If you have a housing development right around the corner, you may not be able to place a course there as it is. I think it has something to do with how the land you have is zoned.

atxdiscgolfer
Nov 02 2004, 01:33 PM
I am about to put in a private 9 hole course with two different layouts which makes for 18 holes sitting on about 18 acres, I have about 37 acres in east texas also but most of it is pasture land and very open. Go to the course directory and check out Lambos on the Hill in Leander TX. That course has nine baskets with a couple of different layouts in the owners front yard, real fun course to play.

Nov 02 2004, 06:39 PM
Short answer is 'no.'



Thanks thats all I needed ;)

but I will further explore my possiblities

Nov 02 2004, 11:55 PM
Short answer is 'no.' About 25 acres is needed in most cases to get any length for 18



But Chuck, the official PDGA Course Development document states:
"A Community Full Service course requires up to one acre per hole.

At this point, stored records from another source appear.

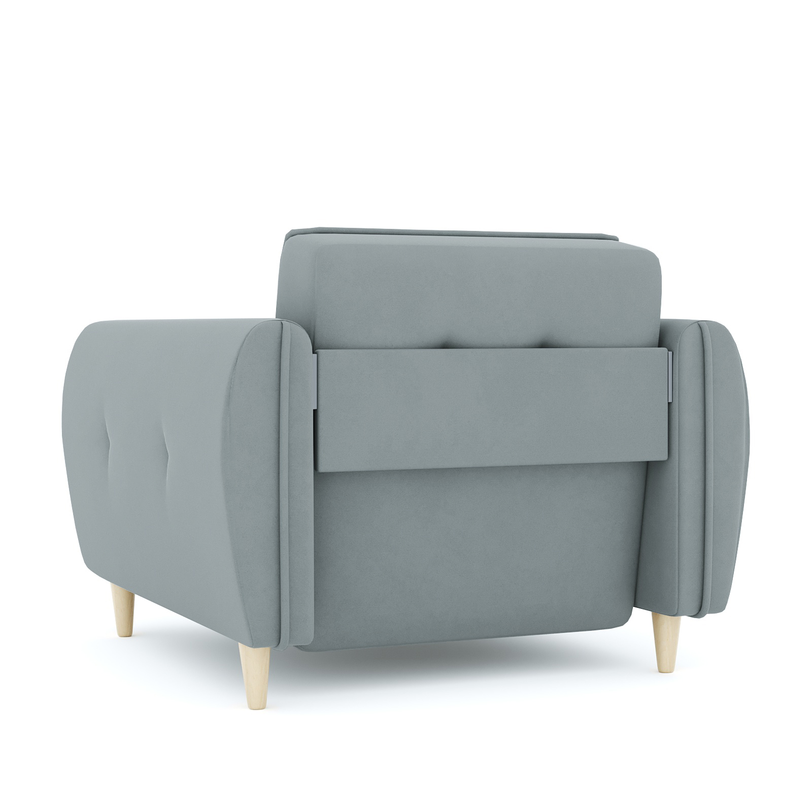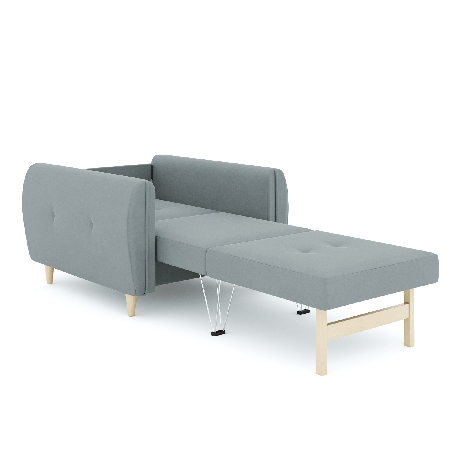 Кресло-кровать для отдыха. Каркас ДСП, ДВП, ЛДСП, фанера, брус хвойных пород. Спальное место 1900х600мм. Наполнение высокоэластичный ППУ. Наполнение подушки-крошка ППУ. Высота сиденья от пола 440мм. Глубина сиденья без подушки 600мм. Опора массив березы. Высота опоры 100мм.
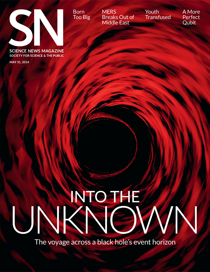Scientists disagree about what would happen to a hypothetical astronaut who floats past a black hole’s point of no return —whether the unlucky traveler would be flash-fried or stretched into oblivion. Andrew Grant chronicled the event horizon debate in “The mysterious boundary” (SN: 5/31/14, p.
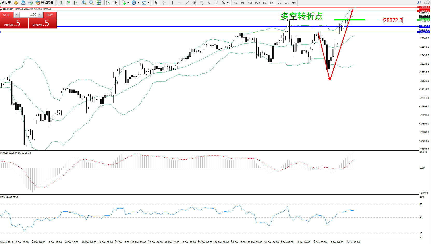 道琼斯指数DJ30—— 4小时K线图显示:
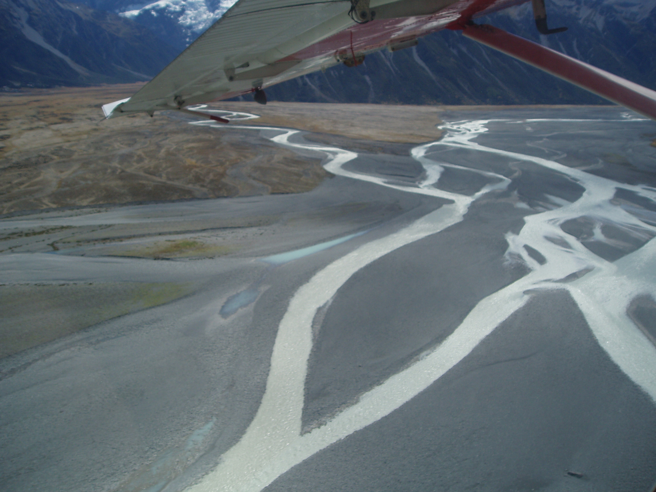 The waters from both these glaciers pool at the end of the glacier in Lake Tasman, before flowing south to in the wide valley of the Tasman River, whose braided streams flow south into Lake Pukaki. They eventually flow into the Waitaki River and to the Pacific Ocean north of Oamaru.

However, a Recreational Standard course can sometimes fit 2-3 holes per acre depending on terrain."

ck34
Nov 03 2004, 12:55 AM
He specifically asked about space needed for a LONG 18 course.

Nov 03 2004, 03:12 PM
Well knowing now that a long course is somewhat out of the question, would it be theseable to have a couse with at least 3 or 4 400+ holes on it? I received an email stating that a 4000ft course in Maine was done using 10 acres, and using the couse directory I found a local course with quite a few 400+ shots with a length of just over 4000 ft.

ck34
Nov 03 2004, 03:17 PM
I posted this on another thread about a month ago. This should help.

http://hometown.aol.com/ck34/images/acreage%20guide%20web.jpg

Nov 03 2004, 05:52 PM
Thanks all for the information, I will try and head out there this weekend and scope things out. This will take far more time and money than I will have for a few years so I doubt anything will come of it soon, but thanks anyhow!

Nov 18 2004, 11:49 PM
I think Calvert in Maryland is on 10 acres or even slightly less. Besides the fact that it is completely flat, it is a great course. I get to throw more long distance BH drives from the blue tees at Calvert than I do at a championship sized course such as Seneca (MD). If you are talking about building a home course that will never be used for full-field tournaments (which means criss-crossing fairways aren't a problem), then I think 10 acres is enough room to build a really fun course. The best idea, if you are really set on having many long holes, would be to build a 9-hole course with alternate tee pads. Have fun if you get the chance!

slo
Nov 19 2004, 12:58 AM
An area 660 feet square is precisely 10 acres, if that helps...

gnduke
Sep 11 2005, 01:30 AM
Hey sandalman, this thread should help.

idahojon
Sep 11 2005, 02:01 AM
Not to induce thread drift, but it's good to see you back, Jim! :)

keithjohnson
Sep 11 2005, 02:27 AM
Not to induce thread drift, but it's good to see you back, Jim! :)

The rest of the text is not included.